IOTW 11/10/20

28M p/w biliary colic however reports PMHx of “dilated heart”. Bedside ECHO was performed…

  1. What are some EKG findings associated with the suspected diagnosis?
    • In the setting of hypertrophic cardiomyopathy, EKGs may often be nonspecific or normal. However, you may see a high voltage or LVH pattern and deep narrow “needle-like” Q waves in the inferolateral leads. There may also be deep T-wave inversions in the anterolateral leads.
  2. What LV wall thickness supports the diagnosis?
    • Unexplained wall thickness >1.5 cm in any myocardial segment. A septal:posterior wall thickness ratio can be measured. An abnormal ratio is >1.3 in normotensive patients and >1.5 in hypertensive patients. The ratio in the image above comes out to (3.1 cm/1.8 cm=) ~1.7 which is abnormal and should prompt further evaluation. Asymmetric septal hypertrophy may be present. In addition, the LV outflow tract diameter can be measured in the parasternal long view just proximal to the aortic valve to assess for obstruction. The LVOT normally measures 1.6 – 2.4 cm.
  3. What features of the mitral valve are associated with this?
    • Mitral regurgitation is sometimes present. You may also assess for systolic anterior motion (SAM) of the mitral valve to help assess for obstruction. To do this you would obtain an M-Mode waveform through the anterior mitral valve leaflet in parasternal long view similar to how you would assess for EPSS. The mitral valve would exhibit anterior excursion toward the interventricular septum during systole if this was present.
  4. If this patient presents in decompensated CHF, what are some considerations in the management in regards to…
    • Administering IV fluids?
      • Volume loading is essential to increase preload and you should be sure to adequately fluid resuscitate prior to considering pressors in order to avoid worsening of the LV outflow tract obstruction. Monitor carefully for signs of fluid overload.
    • Intubation?
      • If it is absolutely necessary and cannot be avoided, you want to take all precautions to maintain preload. Push dose phenylephrine should be mixed and readily available (1 mL of 10 mg/mL phenylephrine in 100 mL NS = 100 mcg/mL; may use 1-2 mL (100-200 mcg) q2-5 min). BVM ventilations should not be aggressively performed. Avoid high airway pressures.

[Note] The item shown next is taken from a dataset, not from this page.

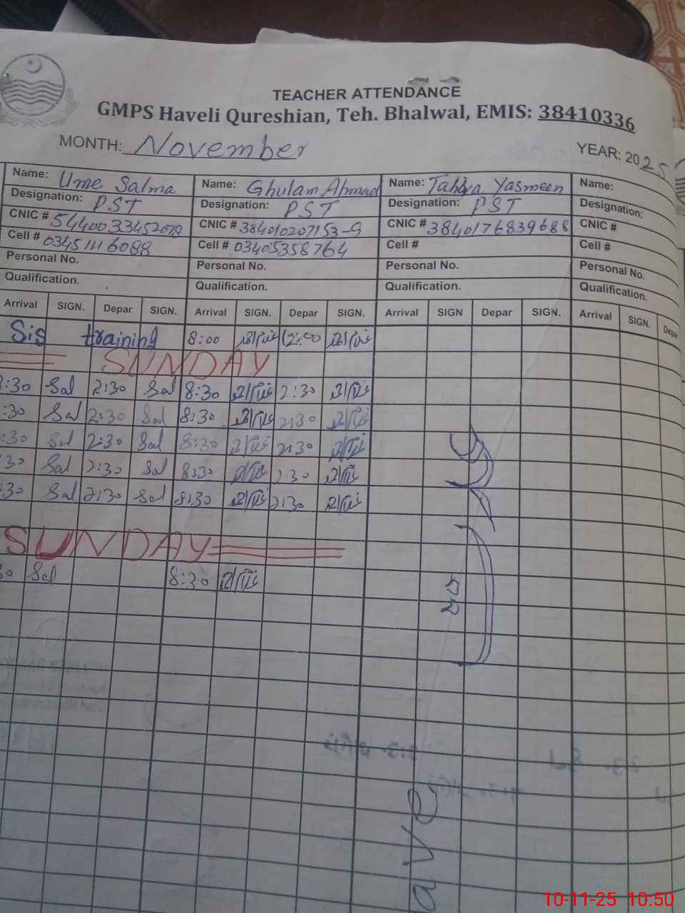 | Name: UM**** SA**** Designation: (School Headmaster's/Headmistress's) PST Phone/Cell Number: 03**** |

    • Managing tachycardia?
      • Beta blockers are the mainstay especially if angina or dyspnea present. You can titrate to a resting heart rate of 60 bpm. Use with caution if there is sinus bradycardia or conduction abnormality. Verapamil is another option. You must avoid vasodilators such as nitrates and dihydropyridine CCBs such as nifedipine. Do not give digitalis. Have a low threshold to cardiovert if needed to maintain sinus rhythm, for example if there is atrial fibrillation.

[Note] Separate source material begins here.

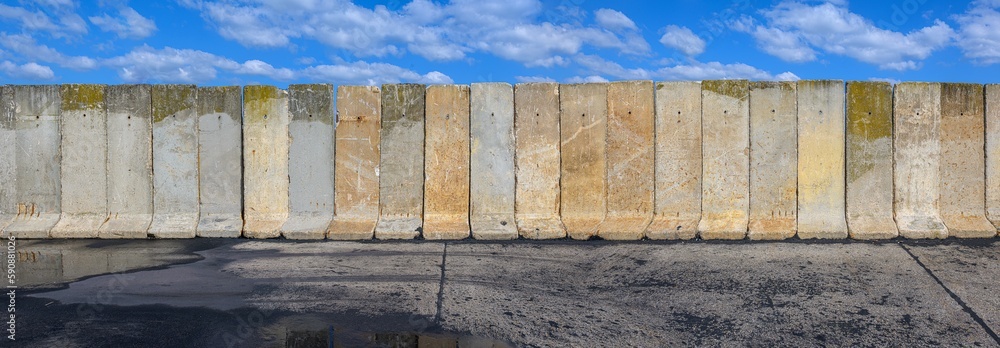 Fotografie wall of concrete pylons nice blue sky and clouds

    • Choice of vasopressors?
      • If hypotensive and decision is made to initiate pressors, goal is to increase afterload. Phenylephrine is probably the best pressor to start with and consider vasopressin if it is maxed and a second pressor is needed. To increase efficacy of your pressors, attempt to fix any acidosis if present. AVOID positive intotropes such as dobutamine, norepinephrine, epinephrine, and dopamine.
  5. What is the definitive treatment of this condition?

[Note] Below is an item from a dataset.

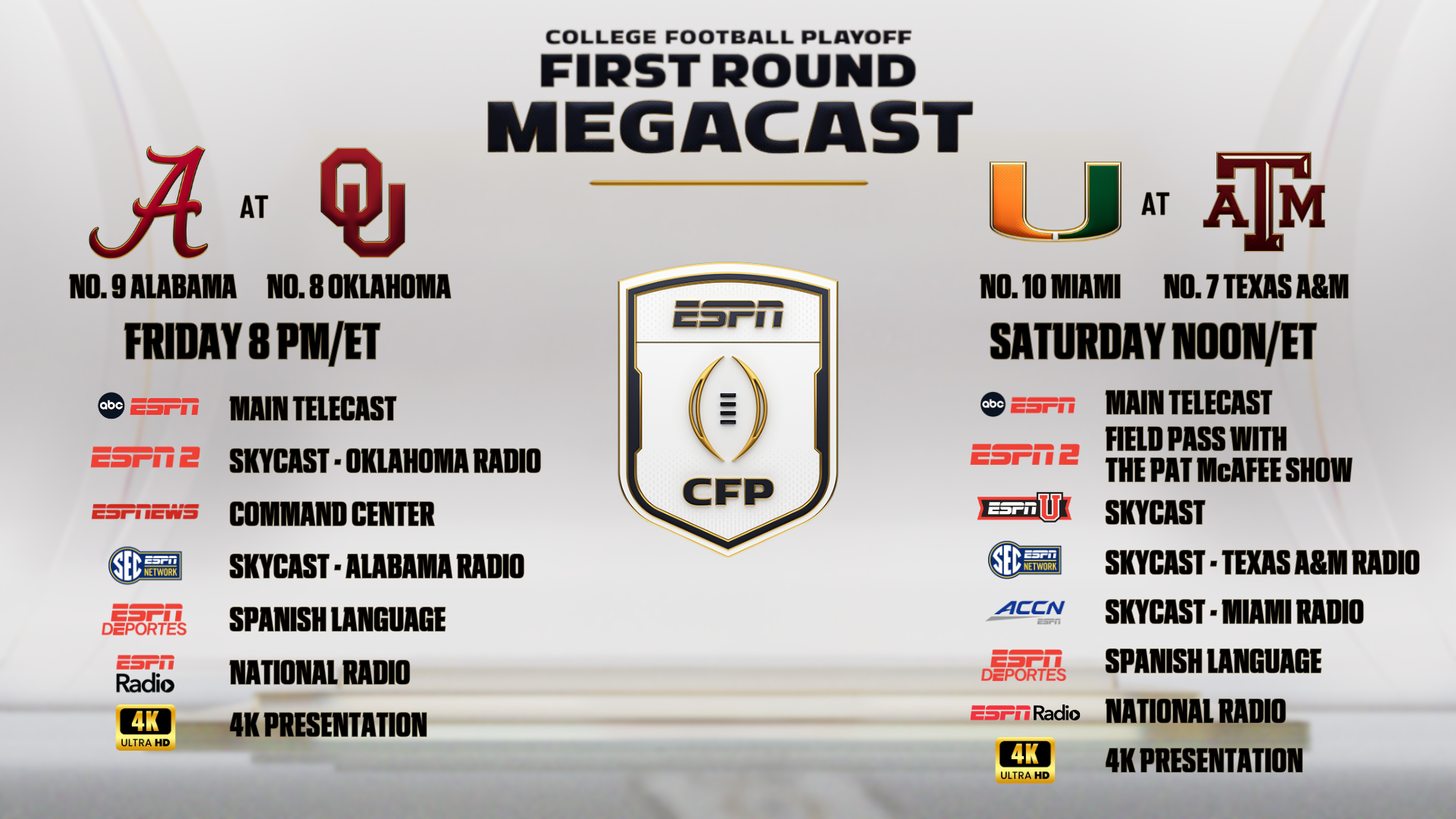 The College Football Playoff First Round opens Friday night with No. 9 Alabama at No. 8 Oklahoma on ABC and ESPN, followed by a Saturday tripleheader featuring No. 10 Miami at No. 7 Texas A&M on ABC and ESPN at noon. Later that day, TNT Sports presents No. 11 Tulane at No. 6 Ole Miss and No. 12 James Madison at No. 5 Oregon at 3:30 and 7:30 p.m. ET, respectively.

    • While an ICD +/- AV sequential pacing may be used to treat ventricular dysrhythmias, the definitive treatment of LV outflow tract obstruction is myomectomy or resection of outflow tract.
  6. If the patient cannot be admitted, what discharge instructions should be provided?
    • Important to avoid exertion. May be started on beta-blocker from ED while pending cardiology appointment and follow-up comprehensive echo.